#### The records ####

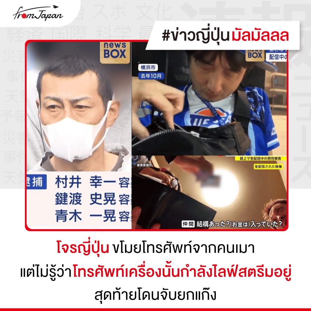 โจรญี่ปุ่นขโมยโทรศัพท์จากคนเมา แต่ไม่รู้ว่าโทรศัพท์เครื่องนั้นกำลังไลฟ์สตรีมอยู่
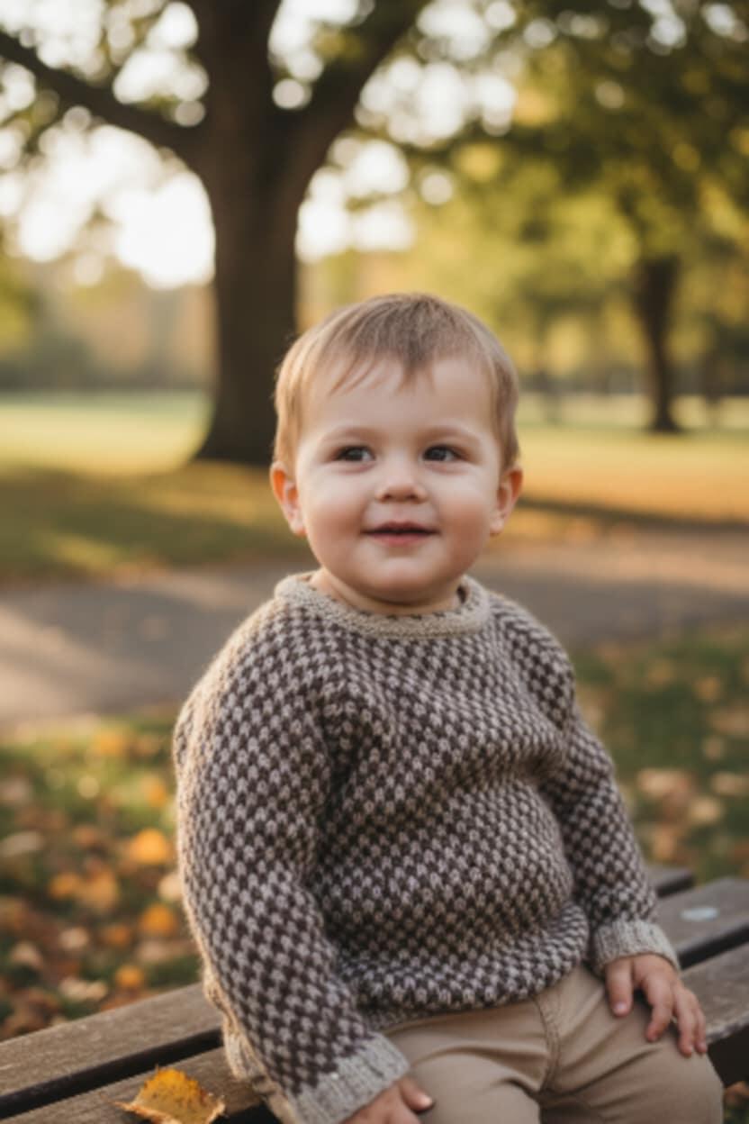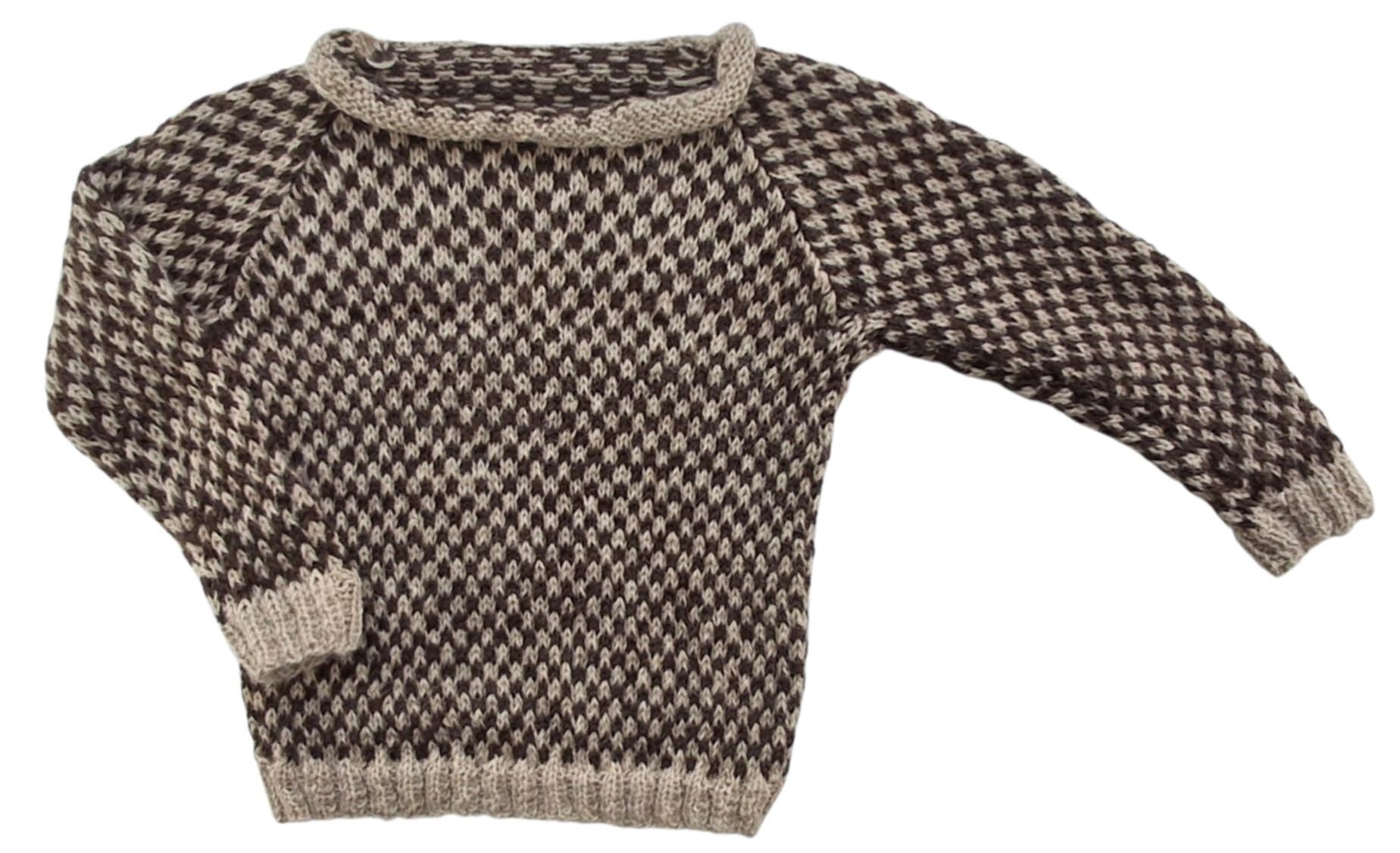 Lækker blød brunmønstret uldstriktrøje str. 92 med lange ærmer, beige rib kanter og med en rullekant i halsudskæringen. OBS på AI billedet er halsen ikke helt som på trøjen.
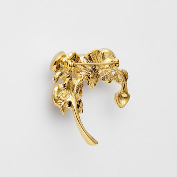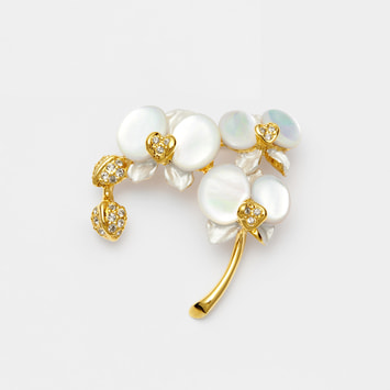 「幸福が飛んでくる」という花言葉を持つ、胡蝶蘭のブローチ。
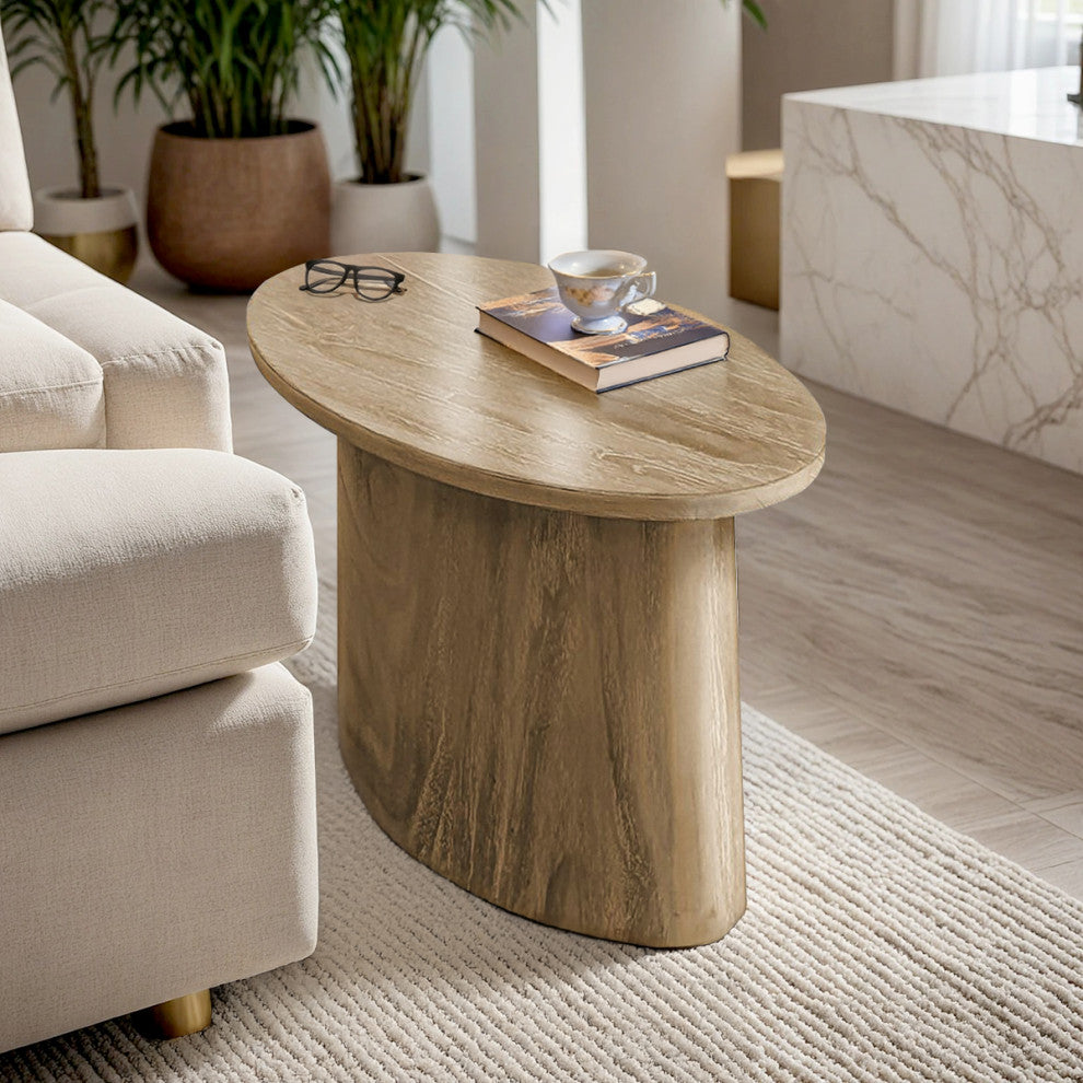 DESCRIPTIONEnhance your space with the Chapel Hill Oval Accent Table, a modern and versatile piece ideal for a variety of aesthetics. Featuring a sleek wood pedestal base and a 24-inch oval top, this table is a stylish addition to living rooms, bedrooms, or a den. Handcrafted with sturdy wood construction, it offers durability and complements modern or contemporary interiors. The smooth wood finish and clean lines create a minimalist yet impactful design, while its compact size fits seamlessly into small spaces. Whether used as an end table, living room accent, or paired with matching pieces from the Chapel Hill collection, this table adds modern elegance to your home.No assembly is required.FEATURES? Sleek and modern oval shape, 24�� in diameter ? Durable wood pedestal base for sturdy support ? Versatile design fits a variety of d��cor styles ? Perfect for living rooms, bedrooms, or entryways ? Neutral color and minimalist design for easy pairing ? No assembly required for quick setup ? Ideal for small spaces or as an accent piece ? High-quality craftsmanship for long-lasting useMATERIALSWire Brushed Mindi Solids And VeneersSIZE DESCRIPTIONOverall:24"W x 14"D x 22"H
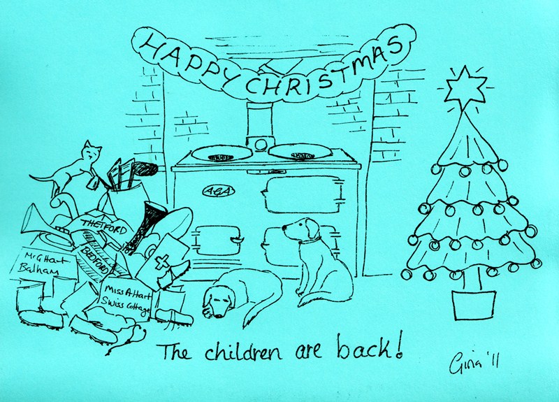 | Christmas 2011 This year both George and Abby have moved into flats in London. Charlie has started boarding at Bedford School whilst Will remains at Thetford. Miss A Hart needs to change her label to Dr A Hart. |
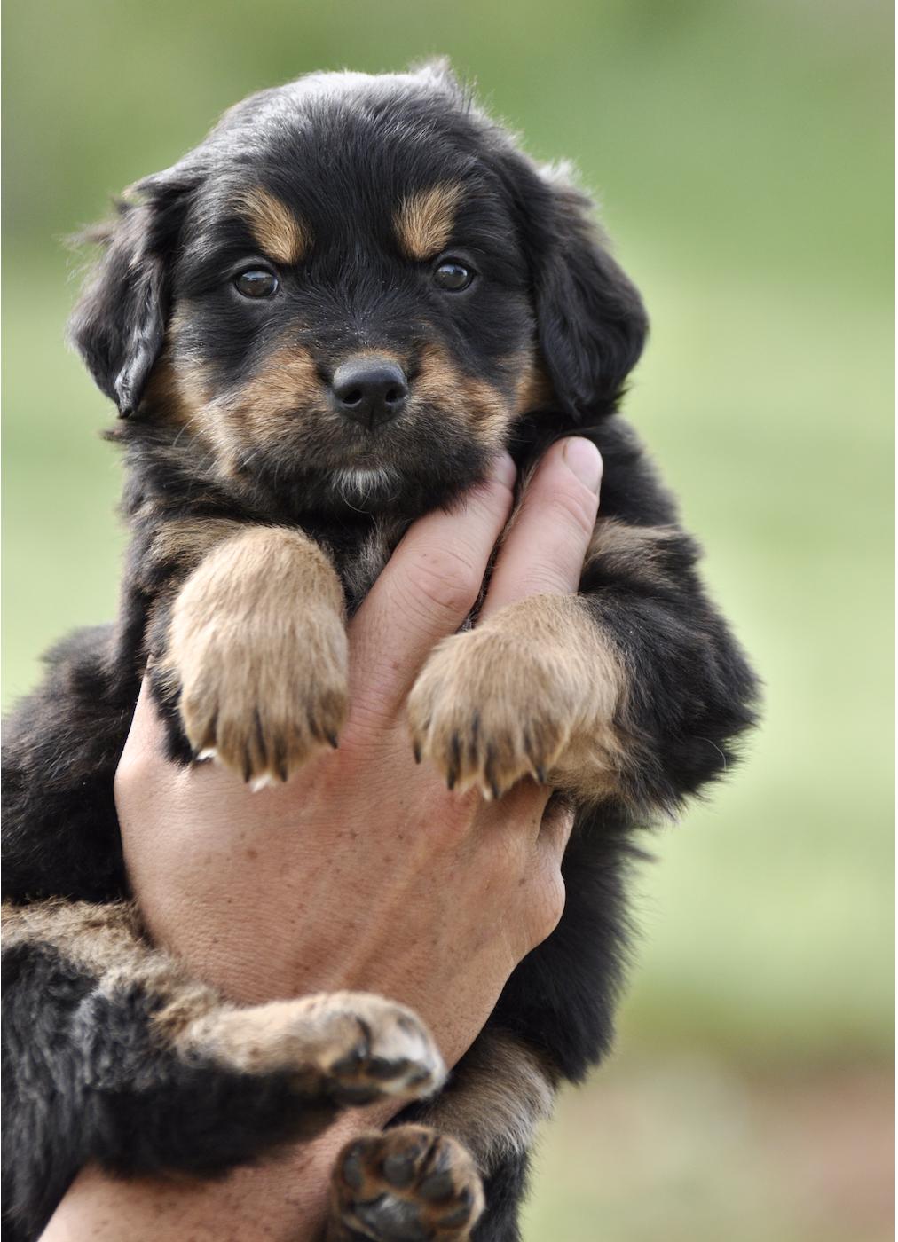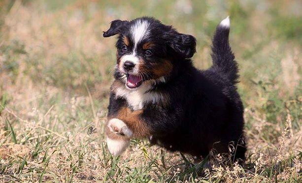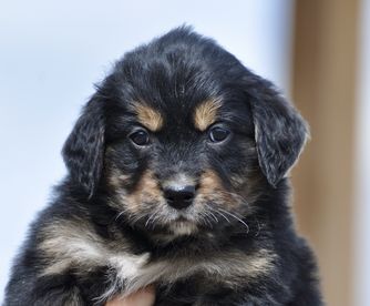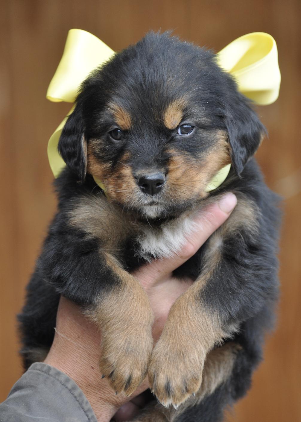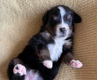 Our Bernese Mountain Dog puppies are tri-color. Golden Retriever puppies are light golden. Colors will vary depending on the parent dogs.

####

-- Exercise aim --
Every record above should be transcribed exactly; the pictures stay out of the copy.

-- Answer to the exercise --
 โจรญี่ปุ่นขโมยโทรศัพท์จากคนเมา แต่ไม่รู้ว่าโทรศัพท์เครื่องนั้นกำลังไลฟ์สตรีมอยู่
 Lækker blød brunmønstret uldstriktrøje str. 92 med lange ærmer, beige rib kanter og med en rullekant i halsudskæringen. OBS på AI billedet er halsen ikke helt som på trøjen.
 「幸福が飛んでくる」という花言葉を持つ、胡蝶蘭のブローチ。
 DESCRIPTIONEnhance your space with the Chapel Hill Oval Accent Table, a modern and versatile piece ideal for a variety of aesthetics. Featuring a sleek wood pedestal base and a 24-inch oval top, this table is a stylish addition to living rooms, bedrooms, or a den. Handcrafted with sturdy wood construction, it offers durability and complements modern or contemporary interiors. The smooth wood finish and clean lines create a minimalist yet impactful design, while its compact size fits seamlessly into small spaces. Whether used as an end table, living room accent, or paired with matching pieces from the Chapel Hill collection, this table adds modern elegance to your home.No assembly is required.FEATURES? Sleek and modern oval shape, 24�� in diameter ? Durable wood pedestal base for sturdy support ? Versatile design fits a variety of d��cor styles ? Perfect for living rooms, bedrooms, or entryways ? Neutral color and minimalist design for easy pairing ? No assembly required for quick setup ? Ideal for small spaces or as an accent piece ? High-quality craftsmanship for long-lasting useMATERIALSWire Brushed Mindi Solids And VeneersSIZE DESCRIPTIONOverall:24"W x 14"D x 22"H
 | Christmas 2011 This year both George and Abby have moved into flats in London. Charlie has started boarding at Bedford School whilst Will remains at Thetford. Miss A Hart needs to change her label to Dr A Hart. |
 Our Bernese Mountain Dog puppies are tri-color. Golden Retriever puppies are light golden. Colors will vary depending on the parent dogs.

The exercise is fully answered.